‘Free-ish since 1865.’
This is a popular slogan used for Juneteenth, and it couldn’t be more true. Black people in America are still oppressed, underrepresented, and screaming for equality, but Juneteenth is a day we celebrate because it represents the end of our people being enslaved.
On June 19th, 1865, Major General Gordon Granger and his Union Army troops rode into Galveston, Texas, to declare freedom for those still held captive there. This was two months after Confederate general Robert E. Lee’s surrender and almost two and a half years after President Lincoln signed the Emancipation Proclamation, the first major legal step for Black people’s right to live as Free American citizens and not property. So Juneteenth demands some fireworks!
If this is your first time getting that snippet of a history lesson, you’re not alone...
American history curriculums have long been whitewashed and the history of Black Americans reduced to their enslavement. You hear something about Harriet Tubman and Martin Luther King Jr., but you don’t learn about the accomplishments, stolen inventions, or other contributions Black people made to this country despite being enslaved. The educational system failed us by fueling this racist narrative, and since many states and school districts are banning Critical Race Theory from schools, along with broader diversity and inclusion efforts, it’s up to us as parents to educate our children on the good, the bad, and the ugly racism that’s been ingrained in this country from the start. To explain the significance of Juneteenth to them, we first have to confront these truths.
Every child should know the reality of this moment in history
But take a second to breathe. I know the tension and apprehension that rise when you think about discussing any aspect of racism and slavery with your precious babies. I feel it, too. But don’t let that stop you — every child should know the reality of this moment in history and understand its significance.
“Because of the legacy of enslavement, Juneteenth can feel heavy, but it doesn't have to be. Juneteenth is a celebration, a day to reclaim joy and liberation,” Yolanda Williams, parenting coach and founder of Parenting Decolonized, tells Romper.
To confidently engage your kids in this conversation, and with advice from Williams, here’s what you should do:
Start at the beginning
“Do your research about the history,” says Williams. The story of Black people doesn’t begin with slavery, and this is important to acknowledge so Black children understand the richness of their heritage — one that is often overlooked because of how perverse and lasting slavery was. But the story of our rich heritage continued to glow through the cracks despite the oppression.

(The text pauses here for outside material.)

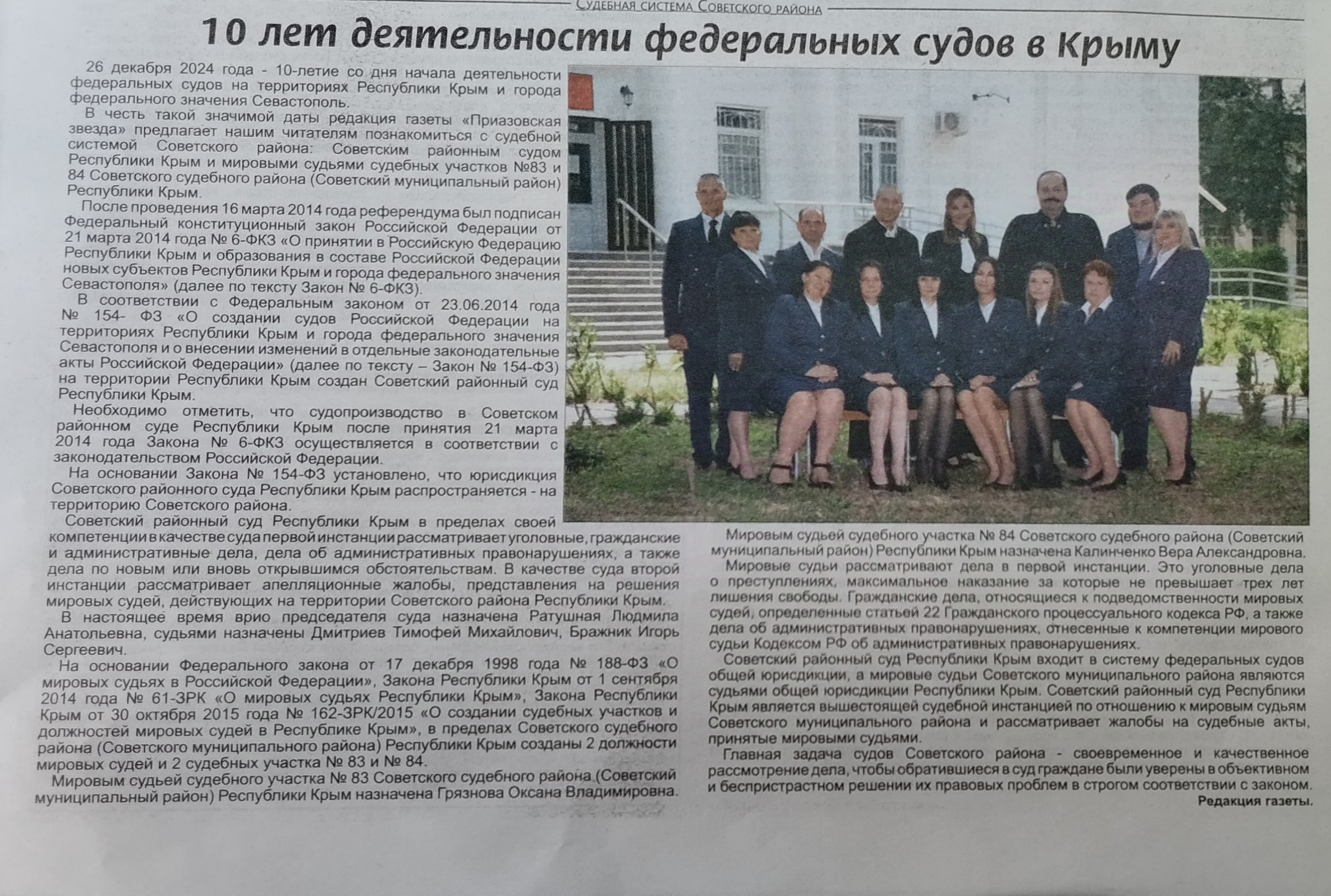 Статья в газете "Приазовская звезда", посвященная 10-летию начала деятельности федеральных судов на территориях Республики Крым и города федерального значения Севастополь.

Slavery in America was a brutal system used by white people. They stole Black people from their rich native land, sold them as chattel, ripped them from their families, beat them, and so much more. And this abuse lasted for hundreds of years, all so that slave owners could build their wealth on the free labor of the people they owned.
By laying out this timeline, children see the impact of how long those enslaved endured their captivity before being liberated. That’s why Juneteenth is also called Freedom Day.
Take all the help you can get from books and homeschool projects that detail what this time was like in history. Find sources that aren’t whitewashed, and offer the full truth behind the actions of white supremacists, like starting a Civil War in a fight to keep the institution of slavery. The National Museum of African American History and Culture offers a lot of useful resources.
Find a nearby Juneteenth festival or parade
The first time Juneteenth was observed was in Austin, Texas, in 1867. Over the years, several states have celebrations to commemorate this pivotal day in our country. But it’s important to look into the authenticity of how it is acknowledged.
In the recent attempts by corporations to capitalize off of Juneteenth, like Walmart’s making a brand of ice cream for the holiday, or white business executive’s trying to trademark the name, it’s important to connect with Black event organizers for your celebrations. This will ensure that the purity of the day is kept and our continued struggle is respected.
These festivals are community events with music, parades, inspirational readings, cultural dances, food, flags, and beautiful Black people representing and reveling in the joy of our culture and triumphs thus far! Find one in your area and join in the celebration.
Include traditions practiced on this holiday
There are a few traditions during Juneteenth, and one is to buy from Black-Owned businesses. In my city, they make it easy by hosting a Melanin Market where Black business owners can set up shop for the public to purchase from them. If you don’t have one hosted in your community, do an online search to find businesses you can support.
If you’re purchasing from sites like Etsy for your Juneteenth slogan t-shirts or products, check the seller’s page first to make sure it’s a Black-Owned business. Many non-Black sellers try to profit off of this day.
Another tradition is to have a special drink. Williams says to “make sure you have the traditional red drink, which symbolizes perseverance and honors the blood that was shed for Africans and Afro-Americans during enslavement.” If you don’t have the drink, red punch and red foods like fruit and red velvet cake represent the same.
Honor Juneteenth your way
Use this opportunity to include your children in how your family chooses to honor this day. They may come up with some pretty unique ideas that can become a tradition for you all.
“Celebrating Freedom Day, the real Independence Day, is one way you can start the discussion around race in your home as well. You can model how to be the change you want to see for your children," says Williams. For non-Black families, this conversation, backed by your actions, can be a catalyst for anti-racism.